**Exercise requirements**
Omit every picture, and retype the lines that run from the beginning of the data below through the line containing "Очень хорошее платье, взяла", inclusive.

○ ○ ○ ○ ○

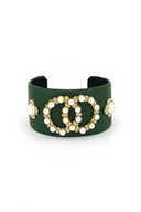 Introducing our Fashion Pearl Double Round Studded Faux Leather Cuff Bracelet, a statement piece that seamlessly blends edgy style with timeless elegance. This cuff bracelet is crafted with precision and attention to detail, featuring double rounds of pearls and studded faux leather for a unique and eye-catching design.
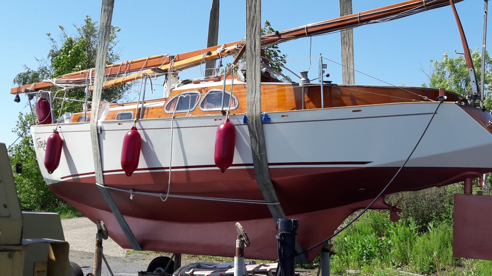 Das Unterwasserschiff wurde 2020 komplett neu aufgebaut und 5-fach mit einem 2-Komponenten Epoxidharzprimer lackiert. Die Aufbauten werden regelmäßig mit Lacköl und Weißlack behandelt. Das Schiff war im Winter immer in der Halle oder unter einer Abdeckplane auf dem Trailer. Im Sommer schützt eine Ganzpersenning vor Witterungseinflüssen und reduziert den Pflege-Aufwand deutlich :-))
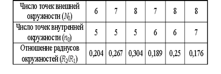 Числа точек окружностей рототабельного плана и отношение их радиусов
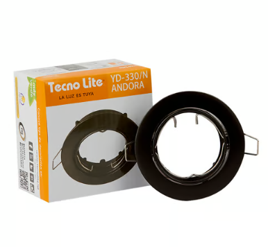 Base redonda ADORA dirigible color negra para base MR16 maxima potencia de 6w, compatible con focos atenuables e inteligentes, de 100-240v, medidas: 21 x 82 x 82 mm
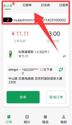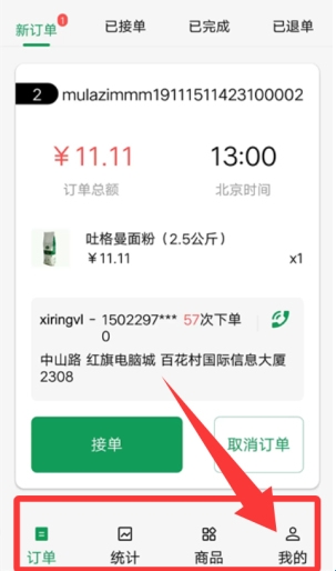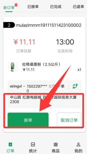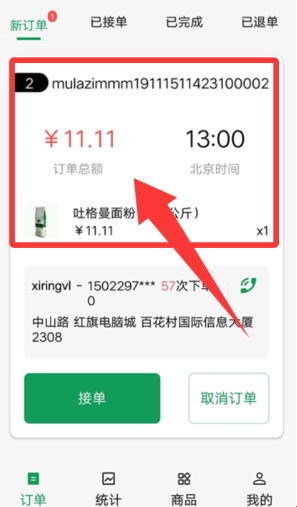 4、有了新的订单可以选择接单或是取消订单,商家可以体验选择性的接单方式;
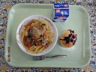 9月29日(月曜日) スパゲッティきのこソース・ブルーベリーマフィン・牛乳
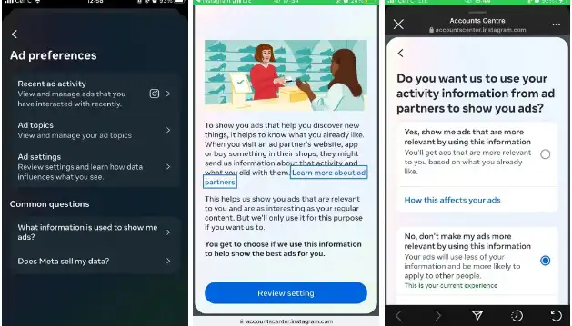 2. در مسیر Accounts Center > Ad preferences > Ad settings > Activity information from ad partners گزینه Review setting را انتخاب کنید.
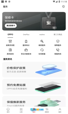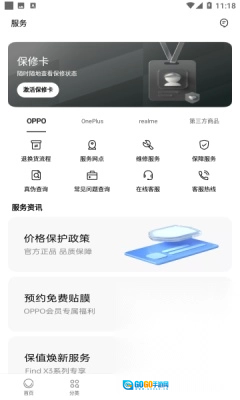 日常签到入口、手机真假鉴别、手机防护服务、售后支持;
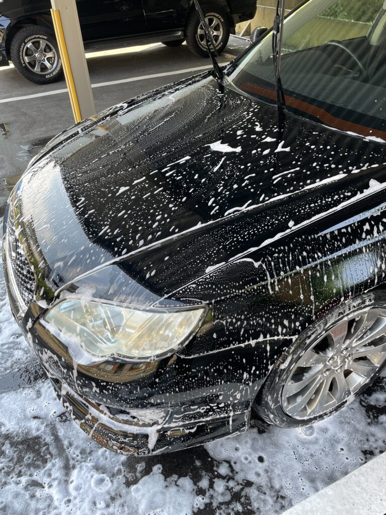 私の車は2006年製レガシィツーリングワゴンの黒です。現在はアパートに青空駐車しており、月に一度は実家で洗車か、洗車機に投入しています。
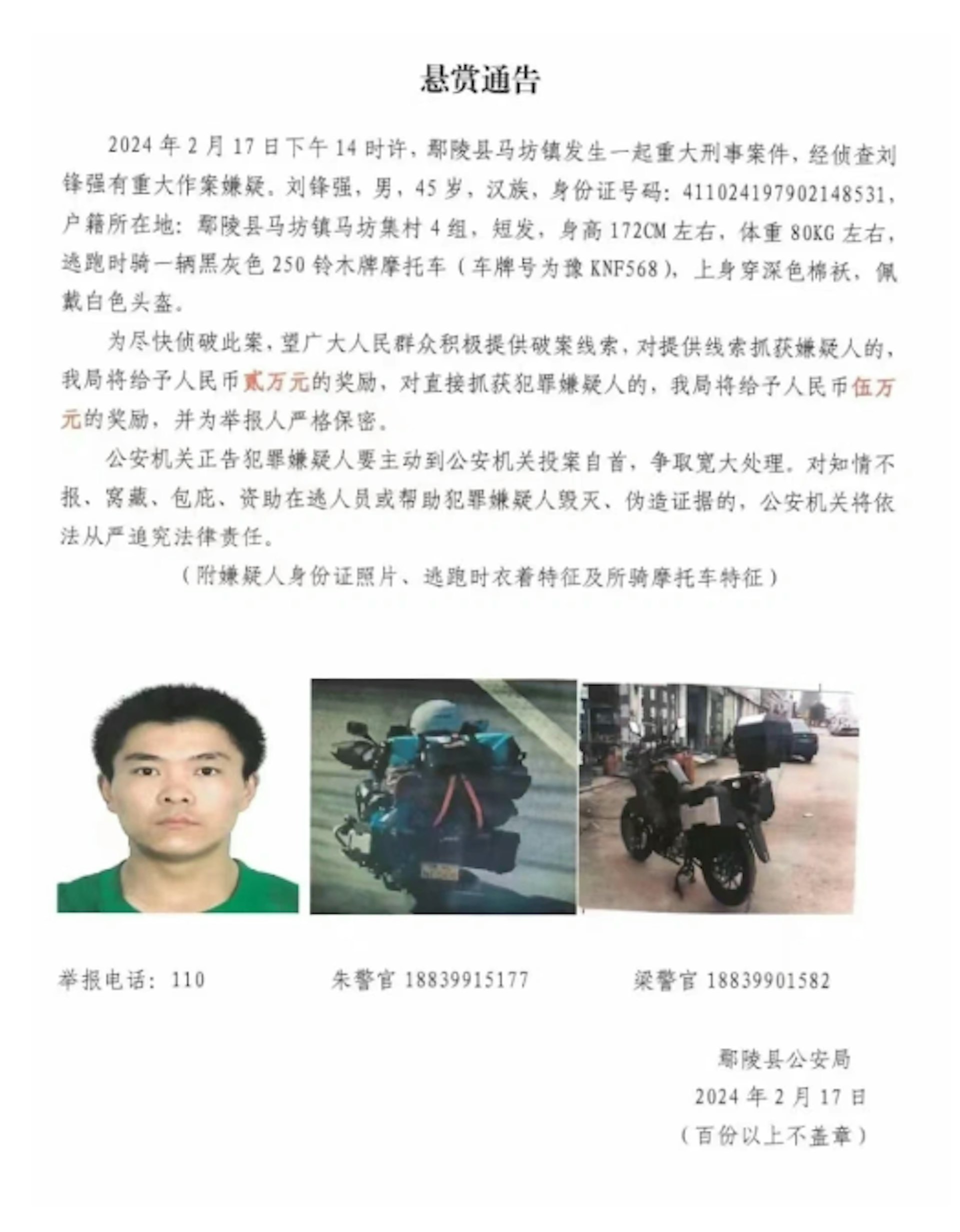 據警方此前通報,2024年2月17日下午14時許,河南鄢陵縣馬坊鎮發生一起重大刑事案件,經偵查,45歲的當地村民劉鋒強有重大犯案嫌疑。公仔箱論壇: p( X, k/ u6 ?5 F* |! h2 [
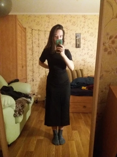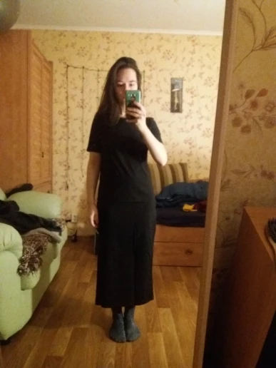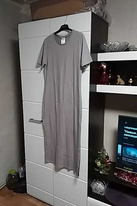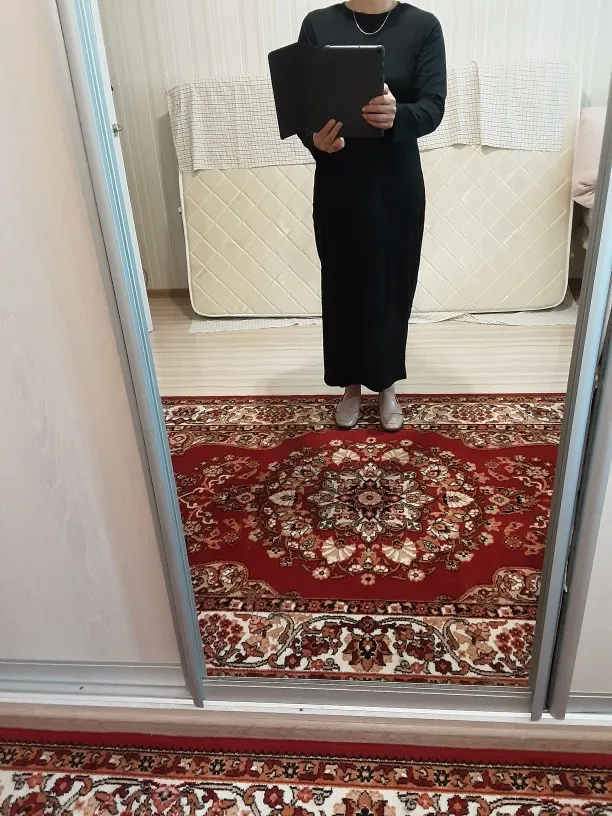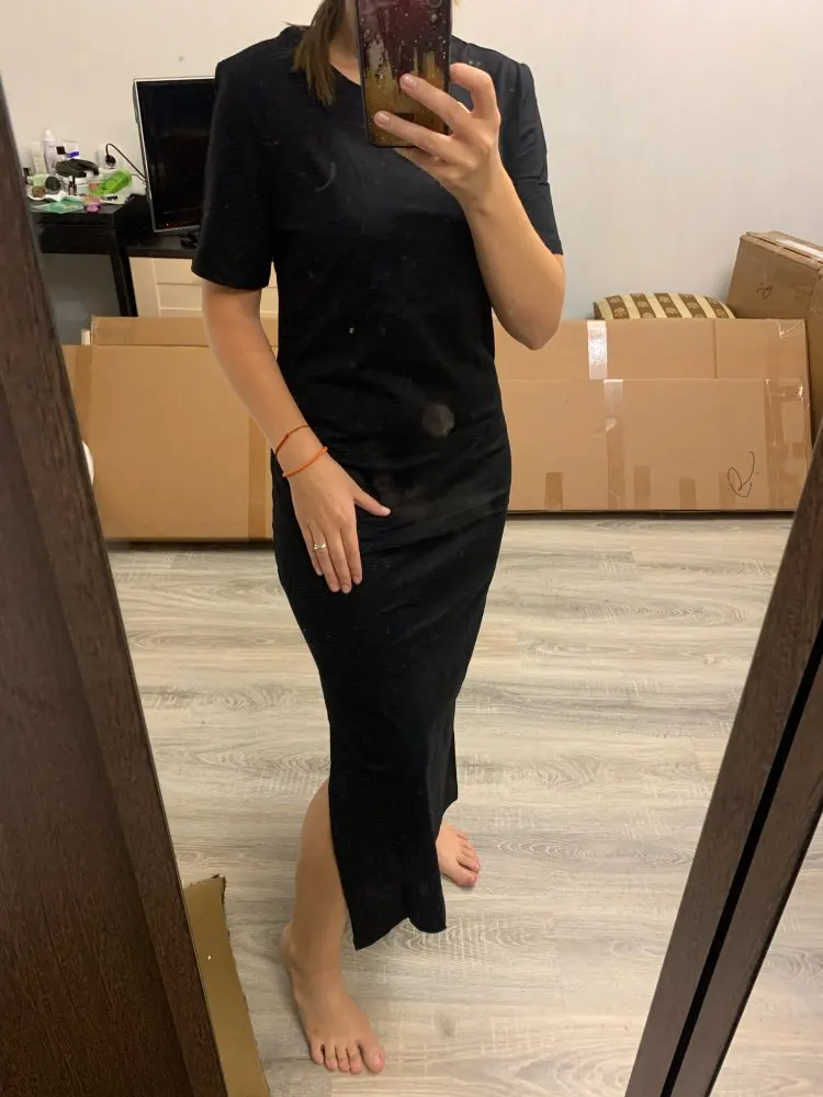 Очень хорошее платье, взяла как домашнюю одежду. К телу приятно, на талию 71 сантиметр и бёдра 99 сантиметров взяла L, сидит свободно. Строчки ровные, ниток совсем чуть-чуть. Подумаю о том, чтобы взять в двух цветах уже на выход. До Московской области чуть больше, чем за две недели.
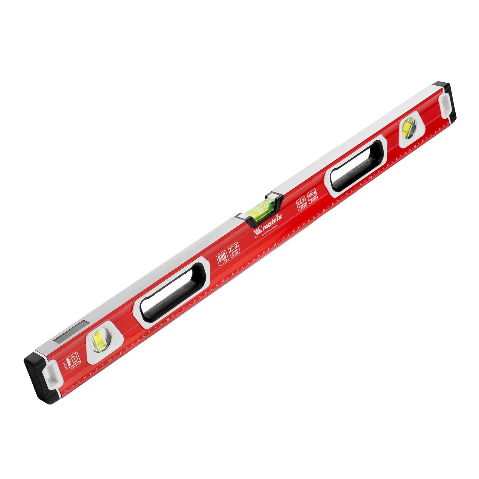 Уровень алюминиевый фрезерованный Matrix 34732 длиной 800 мм, с магнитной полосой и 2-компонентными рукоятками, 3 глазками и 1 зеркальным отражателем, — измерительный инструмент для контроля отклонений поверхностей от горизонтали, вертикали и угла 45°. Используется для выполнения работ, требующих высокой точности.

○ ○ ○ ○ ○

**Exercise answer**
 Introducing our Fashion Pearl Double Round Studded Faux Leather Cuff Bracelet, a statement piece that seamlessly blends edgy style with timeless elegance. This cuff bracelet is crafted with precision and attention to detail, featuring double rounds of pearls and studded faux leather for a unique and eye-catching design.
 Das Unterwasserschiff wurde 2020 komplett neu aufgebaut und 5-fach mit einem 2-Komponenten Epoxidharzprimer lackiert. Die Aufbauten werden regelmäßig mit Lacköl und Weißlack behandelt. Das Schiff war im Winter immer in der Halle oder unter einer Abdeckplane auf dem Trailer. Im Sommer schützt eine Ganzpersenning vor Witterungseinflüssen und reduziert den Pflege-Aufwand deutlich :-))
 Числа точек окружностей рототабельного плана и отношение их радиусов
 Base redonda ADORA dirigible color negra para base MR16 maxima potencia de 6w, compatible con focos atenuables e inteligentes, de 100-240v, medidas: 21 x 82 x 82 mm
 4、有了新的订单可以选择接单或是取消订单,商家可以体验选择性的接单方式;
 9月29日(月曜日) スパゲッティきのこソース・ブルーベリーマフィン・牛乳
 2. در مسیر Accounts Center > Ad preferences > Ad settings > Activity information from ad partners گزینه Review setting را انتخاب کنید.
 日常签到入口、手机真假鉴别、手机防护服务、售后支持;
 私の車は2006年製レガシィツーリングワゴンの黒です。現在はアパートに青空駐車しており、月に一度は実家で洗車か、洗車機に投入しています。
 據警方此前通報,2024年2月17日下午14時許,河南鄢陵縣馬坊鎮發生一起重大刑事案件,經偵查,45歲的當地村民劉鋒強有重大犯案嫌疑。公仔箱論壇: p( X, k/ u6 ?5 F* |! h2 [
 Очень хорошее платье, взяла как домашнюю одежду. К телу приятно, на талию 71 сантиметр и бёдра 99 сантиметров взяла L, сидит свободно. Строчки ровные, ниток совсем чуть-чуть. Подумаю о том, чтобы взять в двух цветах уже на выход. До Московской области чуть больше, чем за две недели.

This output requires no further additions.